Les députés européens de vingt pays de l’Union européenne (UE) ont adopté, jeudi 5 octobre, un texte entérinant la création d’un Parquet européen spécialisé dans la lutte contre les fraudes à la TVA et aux subventions européennes d’ici à 2020.

« Les criminels ignorent les frontières et il est grand temps de les stopper en dotant les procureurs des outils qui leur manquent pour agir de manière transfrontalière », ont souligné les commissaires européens chargés de la justice et du budget, Vera Jourova et Günther Oettinger.

Mais cette instance indépendante de lutte contre la fraude ne sera compétente que dans 20 Etats membres, qui ont accepté de participer à une « coopération renforcée ». L’expression désigne une procédure permettant à un groupe d’Etats de l’UE d’adopter des décisions qui ne s’appliqueront qu’à eux, afin de surmonter les oppositions de certains pays ; d’autres Etats peuvent ensuite les rejoindre.

En l’occurrence, des pays comme les Pays-Bas, la Suède ou encore la Hongrie bloquaient toute avancée de ce projet de parquet européen antifraude, prévu dans les traités depuis 2009 et en négociation depuis 2013.

La France figure parmi les Etats qui ont adopté le texte, ainsi que l’Allemagne, l’Italie, l’Espagne, le Portugal, la Belgique, le Luxembourg, l’Autriche, la Grèce, Chypre, la Bulgarie, la Roumanie, la Croatie, la République tchèque, la Slovaquie, la Finlande, la Slovénie et les trois Etats baltes.

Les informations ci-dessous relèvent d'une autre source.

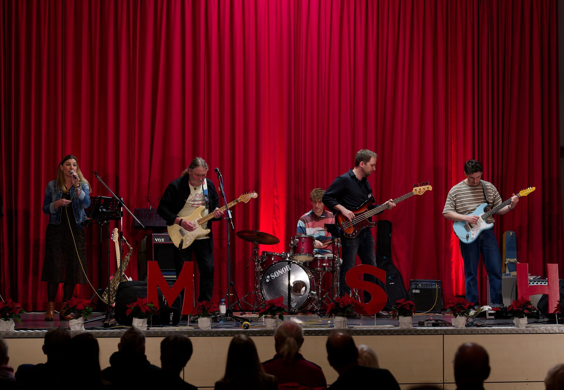 Den Auftakt in ein abwechslungsreiches Programm machte das achtköpfige Streicherensemble, die Young Strings, mit zwei liebenswerten Beiträgen aus dem Bereich der Filmmusik. Im gleichen Genre entführte Benjamin Seefeldt das Publikum mit seiner Posaune in das Reich der Piraten. Nach einem Sprung durch die Musikgeschichte des Streicherensemble STRINGendo, von Beethoven zu George Gershwin, konnte nochmals Winfried Fest einen weiteren Posaunenschüler, Raphael Weigoldt, mit „The Greatest Love of All“ am Klavier begleiten. Weiter ging die Reise durch Zeit und Raum mit dem bravourösen Beitrag „Solamente Una Vez“ womit ein Lehrkräfteensemble mexikanisches Flair nach Ketternschwalbach brachte. Im folgenden modernen Geigenbeitrag „Hymn“ von Nightcall, eindrucksvoll energetisch gespielt von Noel Zutz, fühlten sich wohl einige im Publikum an das vermeintliches Idol David Garrett erinnert. Nach einem musikalischen Zooaufenthalt, präsentiert durch das Blockflötenensemble FLAUTEMUS, umrahmte Tim Eriksson mit zwei knackig kurzen, virtuos vorgetragenen Stücken eine kurze Verschnaufpause bei Getränken und Gesprächen für das Publikum. Das Saitenensemble VielSAITIG brachte nochmal die Leichtigkeit eines schwedischen Sommertags in den Taunus und ließ die Temperatur mit „Viva la Vida“ weiter steigen. Es folgten zwei Lehrkräfte Duos, Etienne Malan, Klarinette, begleitet von Jennifer Möbus Klavier und das eher exotische Duo mit Anja Schnabel am Cello und Mathias Hößel am Vibrafon. Zum Ende hin wurde es nochmal kräftig laut mit zwei Stücken des Percussion Ensembles „7 Stroke Roll“ und der Band „Closed Curtain“ welche einen fulminanten Abend abschloss. Im Rahmen des Konzertes konnten auch einige Lehrkräfte für ihr langfristiges Engagement, mit bis zu 35 Jahren Musikschularbeit, geehrt werden.

50 milliards d’euros de fraude par an

Le Parquet européen sera doté d’un bureau central à Luxembourg, où seront réunis des procureurs européens – un par Etat membre participant –, ainsi que de « procureurs européens délégués » dans les Etats membres.

En revanche, le projet ne prévoit pas la création de tribunaux pénaux européens : lorsque les magistrats européens auront achevé leurs investigations, ils devront renvoyer les suspects devant des juridictions nationales.

L’instance visera particulièrement les fraudes aux fonds structurels européens, mais aura aussi compétence pour traquer les fraudes à la TVA transfrontalières, dès lors que leur montant dépassera 10 millions d’euros. Selon la Commission européenne, ce sont au moins 50 milliards d’euros de revenus de la TVA qui échappent chaque année aux pouvoirs publics en Europe du fait de ce type de fraudes.

Une « première étape »

Le vote de jeudi « est une première étape », s’est félicitée l’élue française Rachida Dati, ancienne magistrate et ex-ministre de la justice en France. Les Etats qui ont choisi, pour l’instant, de rester en dehors du dispositif « seront convaincus par son efficacité. D’ailleurs, ce Parquet européen a vocation à voir ses compétences élargies à la lutte contre le terrorisme et la criminalité organisée », a-t-elle précisé.

L’idée de telles compétences élargies avait été évoquée le mois dernier par le président de la Commission européenne, Jean-Claude Juncker, puis par le président français, Emmanuel Macron, dans son discours sur l’avenir de l’Europe à la Sorbonne.